Ветер все усиливался и грозил сбросить дозорных вниз на камни. Со скалы поспешно слезли. Вот уже страшная буря неслась над морем. Из-за туч летящего песка, глядя даже отсюда, из-под скал, невозможно было различить, где кончается берег и начинается море. Однако в какой-то промежуток между порывами бури люди вдруг увидели, что берег уходит все дальше и дальше в море, а волны стеной бушуют где-то в совсем едва видимой дали.
— Боги позволили мне спасти вас! Сейчас пойдем прямо через море в Египет! — возгласил Магрубет торжественно.
Люди громко бормотали молитвы, то падали на колени, то снова вставали. Выйти же из-за скал было невозможно. Ветер валил с ног. Магрубет беспрестанно поглядывал то на небо, то на море. Он вспоминал, как десять лет назад они, пятеро беглецов из плена, спасаясь от погони, пошли прямо за уходящими волнами. Леонх и Горгий держались впереди и сзади Магрубета, Пармений и Ганимед замыкали шествие. Погоня даже не осмелилась последовать за ними в море. Когда через несколько часов быстрой ходьбы, чередующейся с бегом, храбрые хетты уже по колено в воде выходили на другой берег моря, волны хлынули обратно. Мудрый Пармений все правильно рассчитал. Много дней они откладывали тогда побег, ожидая первого утреннего появления прекрасной звезды Сотис.
Сейчас Магрубет боялся пропустить самый важный момент. Каждая минута потом будет стоить жизни, когда воды пойдут назад. Еще, помнил Магрубет, Пармений тогда говорил, что трудно вычислить такой благоприятный год, когда в борьбе могучих сил преобладание дается богу ветра. Сама судьба теперь дарила Магрубету счастливый случай, потому что он ничего не вычислял и не умел вычислять. Однако что-то твердо подсказывало ему, что сейчас тот самый год.
Через некоторое время ветер как будто слегка поутих.
— Смело за мной! Боги помогут мне! — воскликнул Магрубет.
С копьем в руке он, взяв переднего коня под уздцы, быстро пошел вслед уходящим волнам по влажному песку.
Люди рыдали от страха. Масар и Ефрон шли рядом с Магрубетом, держась за постромки. Четверо человек, схватившись друг за друга, отказались идти в море. Они остались как вкопанные на берегу, скованные ужасом перед разверзшейся стихией. Ни на брань, ни на угрозы они не отвечали. Примерно через час они все разом погибли под копьями прискакавших грабителей. Это видели уже издали, с середины моря дальнозоркие пастухи. Лошади выбивались из сил, но тянули телегу по морскому дну. Если бы их было меньше числом, повозку едва ли бы протащили и до полпути. Дно не везде было ровное.

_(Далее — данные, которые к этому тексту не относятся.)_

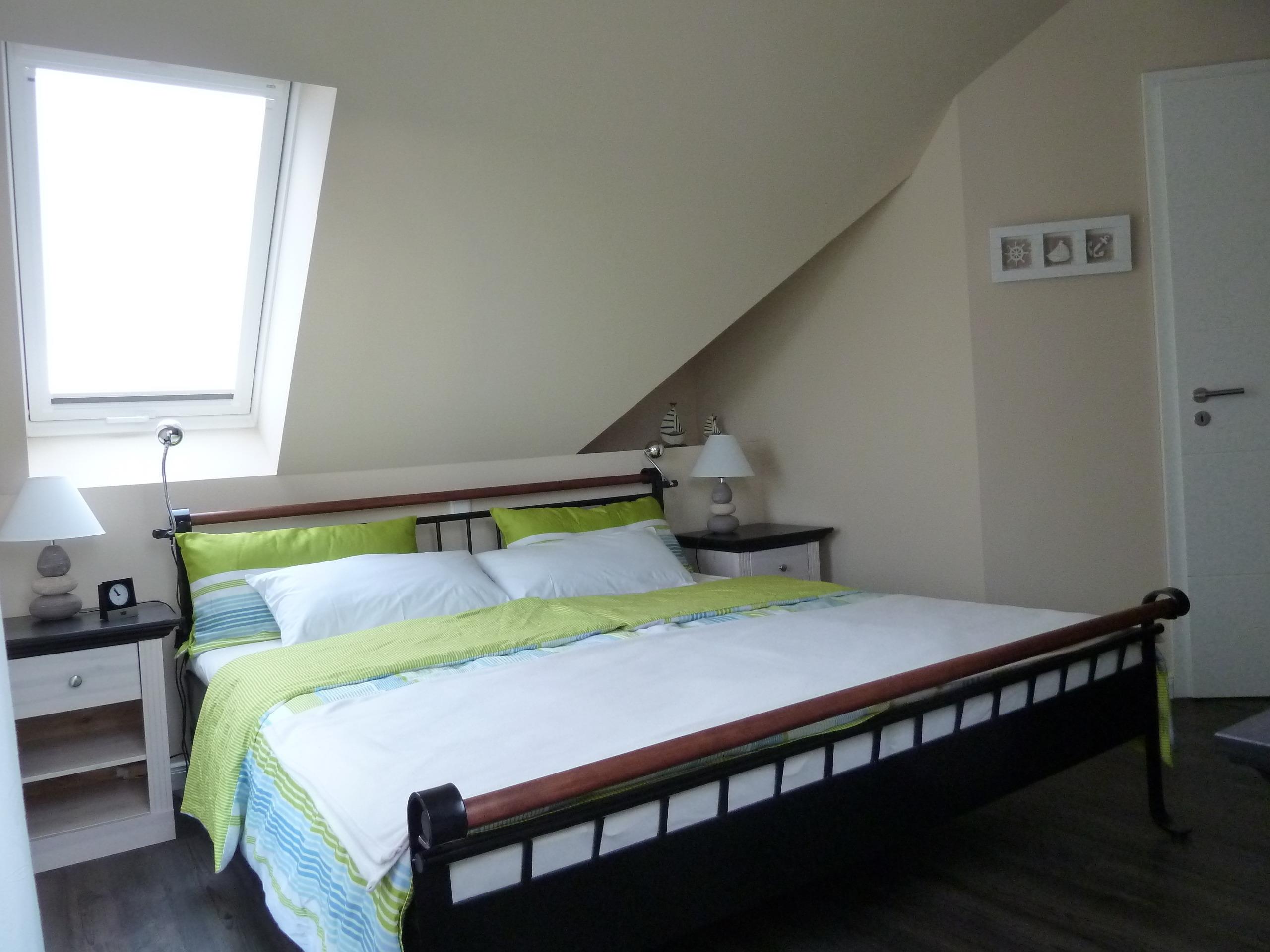 In der 80 m² großen Wohnung können Sie sich mit ihrer Familie oder Freunden einen erholsamen Urlaub gönnen. Die zwei Schlafzimmer bieten Platz für 4 Erwachsene und ein Kleinkind. Das große Schlafzimmer ist mit einem 180x200cm großem Doppelbett sowie einem 32" Flachbild-TV ausgestattet und ist gemütlich eingerichtet. Hier tauchen Sie ein in die kuschelige Wohlfühlwelt.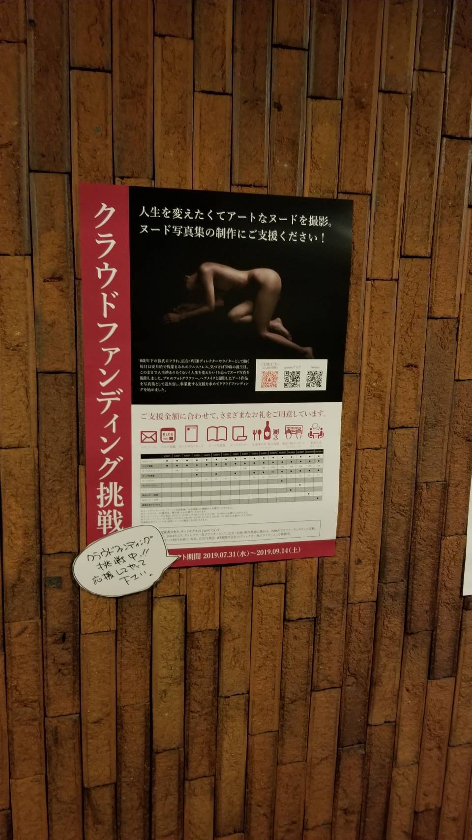 バーベキューの時には、支援をいただくに留まらず、ポスターをお店に貼るからくれと言ってくださり。しかも「2枚くれ!」と。もちろんチラシもお渡ししました。後日、ポスターを貼った写真も送ってくださいました。手書きの吹き出しに温かみがあって、すごく嬉しい!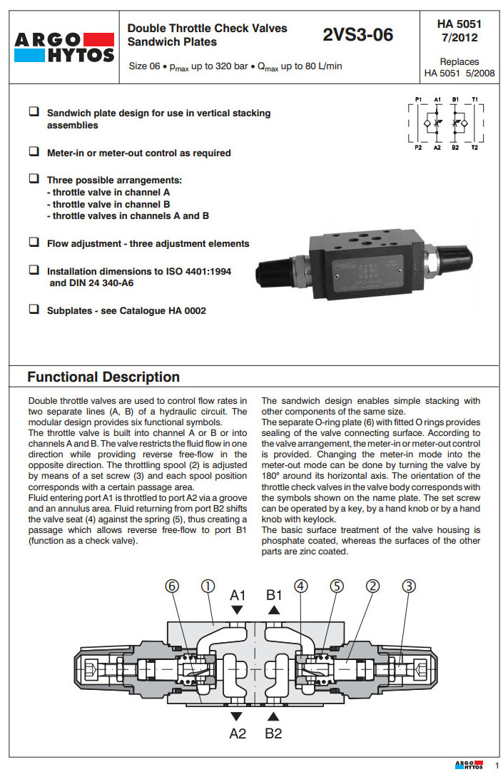 2VS3-06A,2VS3-06B,2VS3-06C,ARGO雙單向節(jié)流閥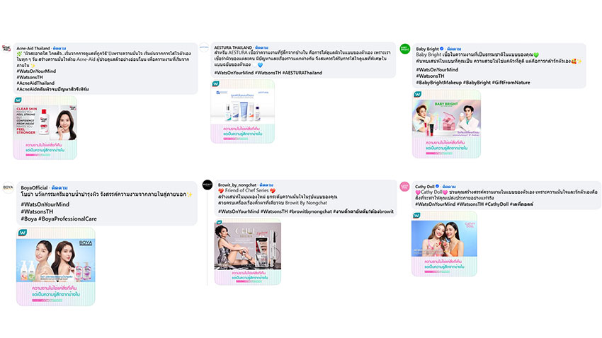 วัตสันและ 22 แบรนด์พันธมิตรชั้นนำในกลุ่มสุขภาพ ผิวหนัง และเครื่องสำอาง อาทิ Cerave, Dazzle Me, IN2IT, ILLIYOON, La Roche Posay, Revlon, Srichand, Vaseline, Vichy, YOU และอื่นๆ เห็นคุณค่าในสิ่งเดียวกันว่าความสวยที่ไม่ใช่แค่สิ่งที่มองเห็น แต่คือความแข็งแรงของร่างกาย ความสบายใจที่มาจากข้างใน และความใส่ใจต่อโลกที่เราอยู่ด้วยกัน เพราะเรารู้ดีว่า ความงามที่แท้จริง… ยั่งยืน และมีค่ากว่า เมื่อมันเกิดขึ้นจากการรักและดูแลตัวเองอย่างแท้จริง

То и дело мешали камни и водоросли, но ноги неглубоко увязали в морском песке. Люди, мокрые и грязные, толкали телегу и беспрестанно нахлестывали коней.
Самые отчаянные из преследователей решились догонять уходившую из-под носа добычу. Их отряд двигался заметно быстрее груженой Ефроновой повозки. Часа через два пути они уже стали явственно различимы вдали. Магрубет довольно хорошо видел ехавшего впереди всадника с красной повязкой на голове.
Когда до берега было расстояние в пять полетов стрелы, а до преследователей — примерно в десять полетов, начала обратно откатываться морская волна. «Дан! Дан!» — раздались панические возгласы, что по-хеттски означало «бог-вода»[5].
Вот люди бежали по колени в воде, вот уже по пояс, а до берега было еще далеко. Когда волны поднялись до плеч и лошади больше не могли идти по дну, а барахтались и бились в воде, Магрубет, не обращая внимания на вопли Ефрона, стал рубить постромки. Освободившись от груза, лошади поплыли к берегу. Держась за них, люди все вышли на берег.
Едва добравшись до суши, Ефрон рухнул на землю и горько зарыдал.
— Погибло все! Погибла вся моя жизнь! Зачем всю жизнь я собирал то, что боги одним разом отняли у меня?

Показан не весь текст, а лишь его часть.